It is evident that no ordinary capital would be sufficient for the supplying of money on call to mills in the immense quantity needed, and it is here that the banker’s capital is called into use. The commission house is usually a concern of substantial means, sometimes very rich, and nearly always of a financial standing, which will give it, on its own account, an assured credit. At certain times of the year the calls for money from the mills are greater than at other times, and as shipments come forward, and advances are required, the commission house, in order to put itself in funds, will issue a series of its own notes in convenient sized amounts, $5,000 to $10,000 each, for instance, and will offer these for sale, through its note broker.

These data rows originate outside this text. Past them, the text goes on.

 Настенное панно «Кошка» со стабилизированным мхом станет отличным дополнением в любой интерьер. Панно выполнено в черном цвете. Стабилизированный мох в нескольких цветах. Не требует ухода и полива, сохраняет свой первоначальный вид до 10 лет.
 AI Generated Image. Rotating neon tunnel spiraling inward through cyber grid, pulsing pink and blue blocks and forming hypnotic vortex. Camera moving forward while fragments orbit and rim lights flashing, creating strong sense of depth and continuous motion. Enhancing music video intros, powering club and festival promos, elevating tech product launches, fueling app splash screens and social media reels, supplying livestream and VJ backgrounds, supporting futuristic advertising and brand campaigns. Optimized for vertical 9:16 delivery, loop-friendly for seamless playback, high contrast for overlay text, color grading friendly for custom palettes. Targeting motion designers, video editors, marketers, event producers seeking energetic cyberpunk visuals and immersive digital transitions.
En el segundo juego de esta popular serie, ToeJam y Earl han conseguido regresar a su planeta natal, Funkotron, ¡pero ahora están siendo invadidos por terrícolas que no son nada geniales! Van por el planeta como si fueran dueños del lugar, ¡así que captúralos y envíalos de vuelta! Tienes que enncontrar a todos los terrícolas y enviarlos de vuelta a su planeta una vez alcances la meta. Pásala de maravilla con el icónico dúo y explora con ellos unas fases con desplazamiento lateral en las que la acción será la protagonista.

This paper, which commands an advantageously low rate of interest, and which is issued for convenient periods of time, averaging perhaps four months, is much sought after by banks and other institutions in primary markets and throughout the country wishing to invest current funds in a safe and not unprofitable medium. This paper is so acceptable to banks not only because the credit of the issuing firm is behind it, but also because it is known that the money which is obtained for the notes will be lent out to mills on ample collateral. The issuing house is in a position so entirely safe that hardly ever can a question arise as to its ability to take care of its borrowings.
CHAPTER V
Financing Cotton and Cotton Cloth
NO industry shows better than the cotton industry the economic importance of banking service. No industry, perhaps, utilizes to such a complete extent the modern instruments of credit, nor is so dependent upon these instruments for its proper functioning. At no point in the progress from seed to cloth is the capital represented by the cotton necessarily or even customarily tied up. And not only may the cotton itself at any stage be the basis of credit accommodation, but also, the actual added value which the labor of any factor in the chain may give to the cotton may itself be realized upon in advance. The credit possibilities of the industry have grown with the admission of acceptances to rediscount in the Federal Reserve Banks, and this admissibility has likewise played a part in the present growth of the warehouse system, the lack of which was a handicap to the industry in past years.

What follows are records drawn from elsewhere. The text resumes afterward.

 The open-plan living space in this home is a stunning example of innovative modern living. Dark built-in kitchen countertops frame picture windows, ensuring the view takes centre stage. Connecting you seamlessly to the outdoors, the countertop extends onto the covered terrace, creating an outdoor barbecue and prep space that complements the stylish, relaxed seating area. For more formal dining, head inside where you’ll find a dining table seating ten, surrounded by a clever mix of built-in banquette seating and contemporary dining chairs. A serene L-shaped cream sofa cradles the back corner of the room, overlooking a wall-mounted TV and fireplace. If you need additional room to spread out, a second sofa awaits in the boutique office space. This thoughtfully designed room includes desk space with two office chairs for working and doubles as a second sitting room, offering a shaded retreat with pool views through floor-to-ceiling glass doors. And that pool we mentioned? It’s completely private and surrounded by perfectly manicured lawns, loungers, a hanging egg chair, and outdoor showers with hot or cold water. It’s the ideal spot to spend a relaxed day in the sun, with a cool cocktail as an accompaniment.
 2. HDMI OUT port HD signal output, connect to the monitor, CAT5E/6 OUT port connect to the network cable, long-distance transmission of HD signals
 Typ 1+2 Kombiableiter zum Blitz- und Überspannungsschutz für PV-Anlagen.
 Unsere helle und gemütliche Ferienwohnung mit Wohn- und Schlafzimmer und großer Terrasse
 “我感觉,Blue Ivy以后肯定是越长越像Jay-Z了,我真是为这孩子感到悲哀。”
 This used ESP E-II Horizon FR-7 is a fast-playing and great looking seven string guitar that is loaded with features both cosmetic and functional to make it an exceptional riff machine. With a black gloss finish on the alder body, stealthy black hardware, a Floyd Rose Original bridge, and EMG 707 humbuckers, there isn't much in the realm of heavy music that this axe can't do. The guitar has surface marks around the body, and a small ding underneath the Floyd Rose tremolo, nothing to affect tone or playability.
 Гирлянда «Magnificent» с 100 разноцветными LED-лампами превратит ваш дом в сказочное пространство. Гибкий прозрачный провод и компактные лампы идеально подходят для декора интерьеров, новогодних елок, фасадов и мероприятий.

Credit Necessary from Seed
to Finished Product
In considering the raw cotton and the cloth market it was necessary to include some account of the financial and banking processes involved in the various commercial transactions undertaken. It is perhaps advisable, however, even at the risk of some repetition, to give a quick survey of the financial and credit aspects of the industry as a whole from the time the cotton is placed in the ground up to the actual sale to the cutter-up or the jobber.

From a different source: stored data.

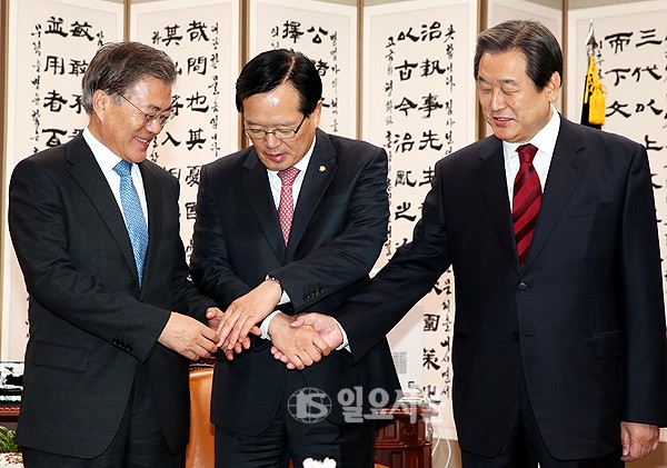 정의화 국회의장(가운데)과 새누리당 김무성(오른쪽), 새정치민주연합 문재인 대표가 9일 오후 서울 여의도 국회 의장집무실에서 만나 인사를 나누고 있다.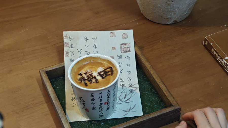 “您點的咖啡和茶點來了。”談笑聲與快門聲之間,不急茶舍老板李文居端著兩杯咖啡走了進來。杯面上寫有福田二字的咖啡拉花與形似柿子的水果的糕點,引來游客陣陣贊嘆與多臺相機的聚焦。
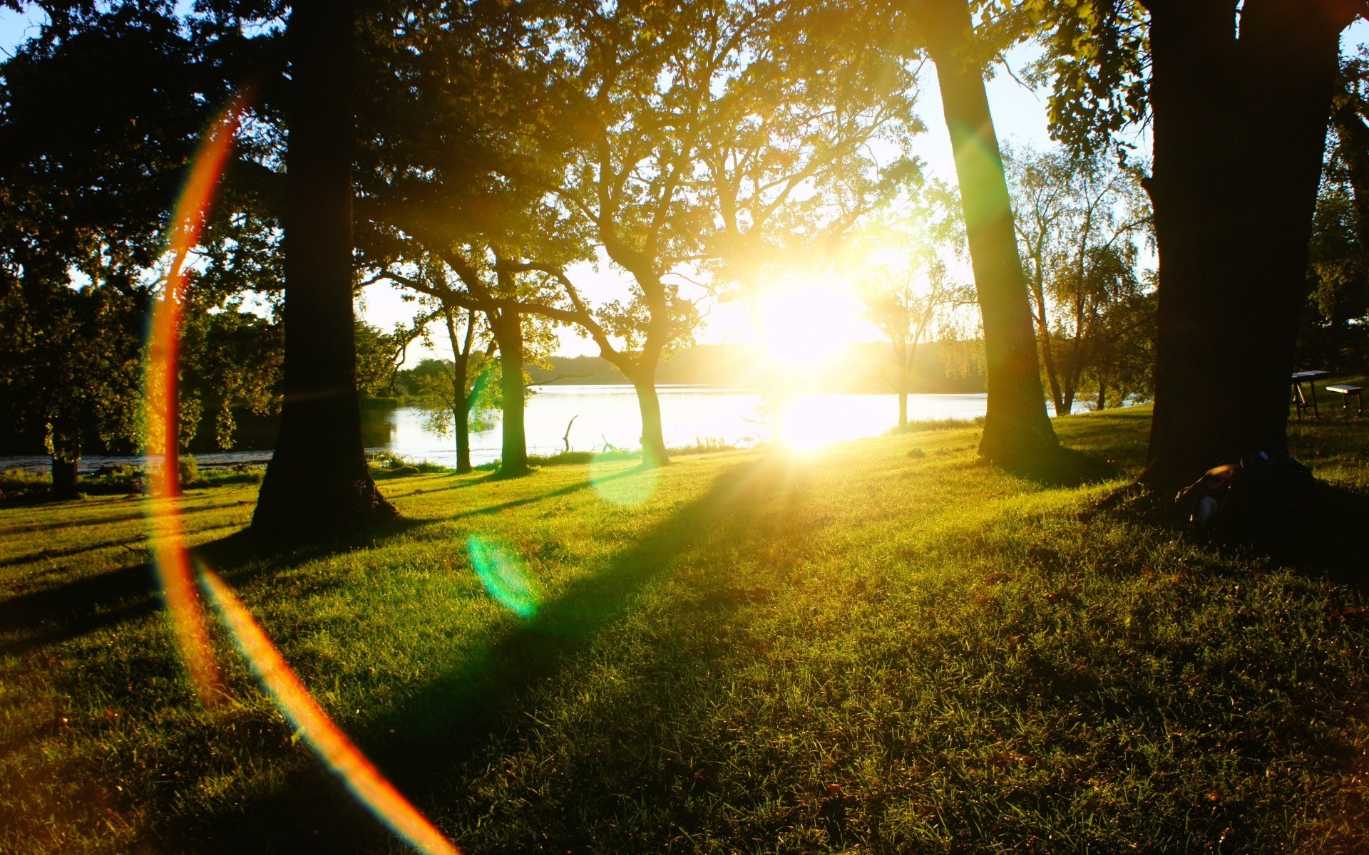 Bright light in the park among the trees

The utilization of credit begins, as we have seen, with the very planting of the crop. Many of the growers, even those who own their farms, are men of limited means, and are not able to pay for the necessaries of life and of labor during the long growing season. The country storekeeper, accordingly, in return for a lien on the crop, allows them credit at his store, usually charging interest based on the monthly statement of their ledger accounts. He in turn receives the necessary accommodation for his own purchases from the local bank, or from the local buyer or factor with whom he is affiliated. The high prices prevailing during the past few years have undoubtedly changed to some extent the small grower’s financial position.